● Work request: Please repeat the data below exactly, with the pictures removed.

● Supplied information:
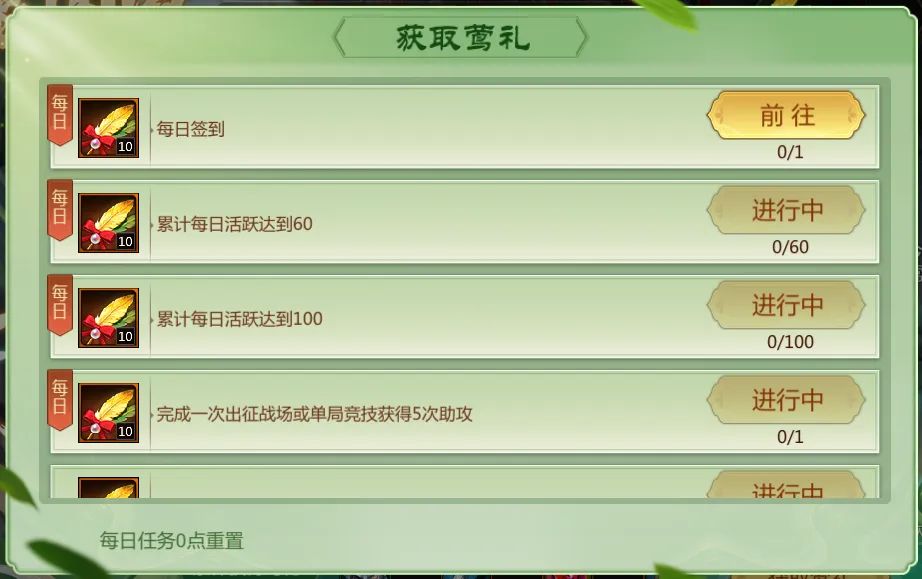 玩家可通过完成任务获得莺礼,消耗莺礼随机刷新一次奖励。
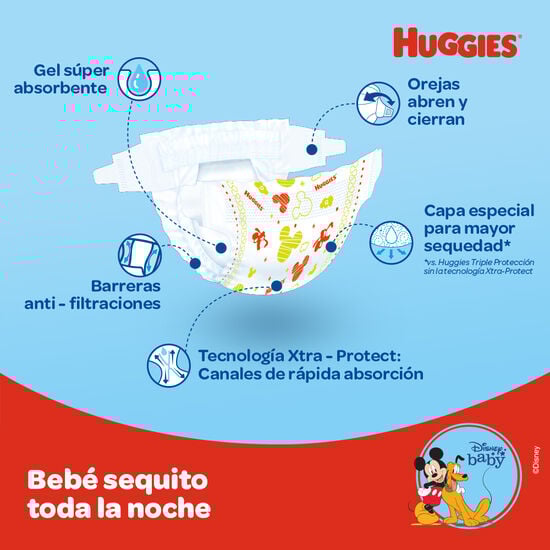 ¡Nuevo y Mejorado! Pañal Huggies® Protect Plus ahora con Cintas Elásticas que acompañan sus movimientos y MÁS Absorción que lo protege 100% hasta 12 horas*. Cuentan con Tecnología Xtra-Protect: canales de rápida absorción y vienen con ¡divertidos diseños de Mickey y sus amigos! *Vs. versión anterior de Huggies Protect Plus. Desempeño del pañal puede variar dependiendo de hábitos, alimentación y características del bebé.
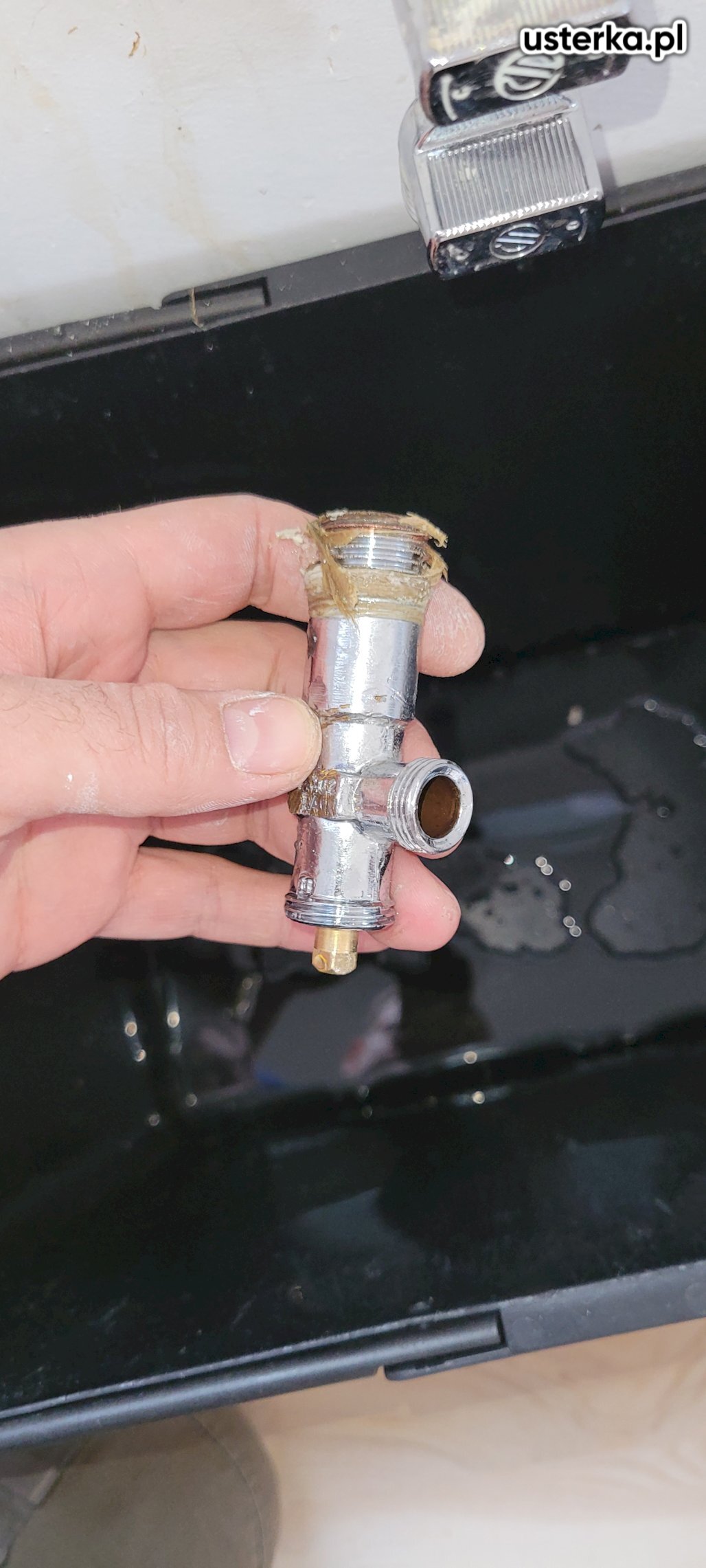 Przyczyną problemu była uszkodzona głowica baterii, co powodowało przeciekanie kranu i kurka.

● Answer to this task:
 玩家可通过完成任务获得莺礼,消耗莺礼随机刷新一次奖励。
 ¡Nuevo y Mejorado! Pañal Huggies® Protect Plus ahora con Cintas Elásticas que acompañan sus movimientos y MÁS Absorción que lo protege 100% hasta 12 horas*. Cuentan con Tecnología Xtra-Protect: canales de rápida absorción y vienen con ¡divertidos diseños de Mickey y sus amigos! *Vs. versión anterior de Huggies Protect Plus. Desempeño del pañal puede variar dependiendo de hábitos, alimentación y características del bebé.
 Przyczyną problemu była uszkodzona głowica baterii, co powodowało przeciekanie kranu i kurka.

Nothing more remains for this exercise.